§ **Problem to solve**
Your output should consist of the lines from the first line of the records below through the one with "各種施工支援 太陽光発電システムO&M ソラパト", exactly, minus the pictures.

§ **Records from a collection**
┌──

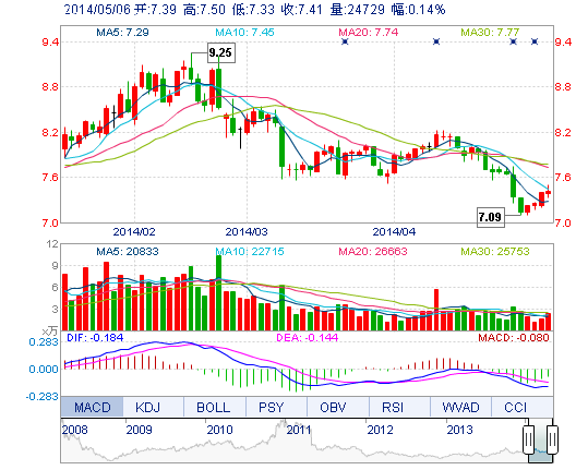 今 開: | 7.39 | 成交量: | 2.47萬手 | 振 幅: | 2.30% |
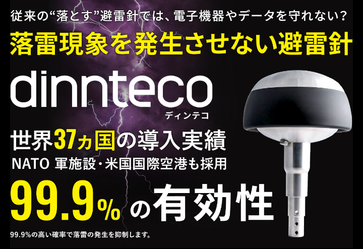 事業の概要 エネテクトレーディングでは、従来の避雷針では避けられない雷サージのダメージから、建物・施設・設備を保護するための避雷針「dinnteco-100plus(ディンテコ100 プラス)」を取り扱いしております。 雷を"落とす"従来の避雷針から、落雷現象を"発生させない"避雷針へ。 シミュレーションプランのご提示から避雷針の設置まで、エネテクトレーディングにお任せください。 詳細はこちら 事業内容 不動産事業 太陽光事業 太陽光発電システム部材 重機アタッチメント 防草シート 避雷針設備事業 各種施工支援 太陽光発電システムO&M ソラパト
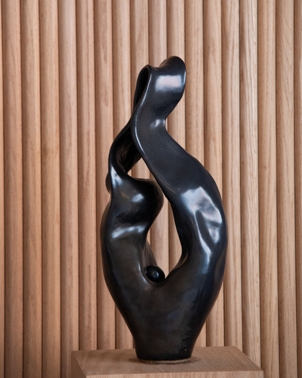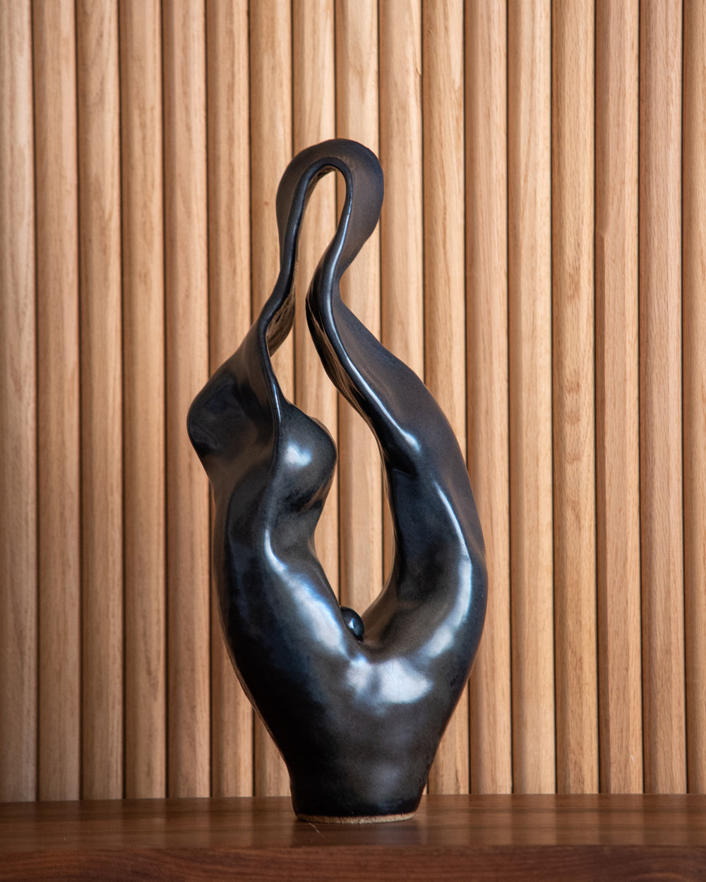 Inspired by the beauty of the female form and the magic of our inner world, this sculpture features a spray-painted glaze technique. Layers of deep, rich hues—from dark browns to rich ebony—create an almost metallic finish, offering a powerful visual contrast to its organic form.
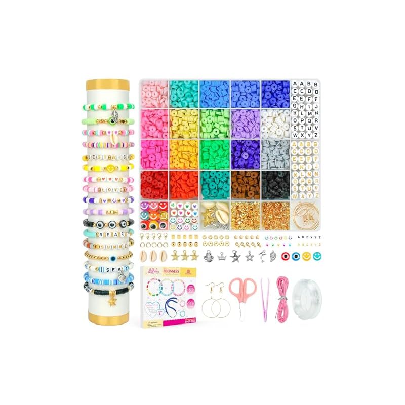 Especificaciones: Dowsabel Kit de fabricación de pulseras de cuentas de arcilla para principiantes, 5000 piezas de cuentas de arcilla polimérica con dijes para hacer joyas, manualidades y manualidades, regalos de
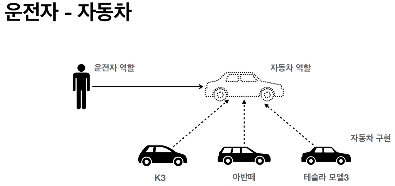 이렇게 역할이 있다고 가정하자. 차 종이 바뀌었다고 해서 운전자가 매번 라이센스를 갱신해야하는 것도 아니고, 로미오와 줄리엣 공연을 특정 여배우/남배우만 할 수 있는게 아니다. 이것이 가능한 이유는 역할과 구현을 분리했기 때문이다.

└──

§ **Completed exercise**
 今 開: | 7.39 | 成交量: | 2.47萬手 | 振 幅: | 2.30% |
 事業の概要 エネテクトレーディングでは、従来の避雷針では避けられない雷サージのダメージから、建物・施設・設備を保護するための避雷針「dinnteco-100plus(ディンテコ100 プラス)」を取り扱いしております。 雷を"落とす"従来の避雷針から、落雷現象を"発生させない"避雷針へ。 シミュレーションプランのご提示から避雷針の設置まで、エネテクトレーディングにお任せください。 詳細はこちら 事業内容 不動産事業 太陽光事業 太陽光発電システム部材 重機アタッチメント 防草シート 避雷針設備事業 各種施工支援 太陽光発電システムO&M ソラパト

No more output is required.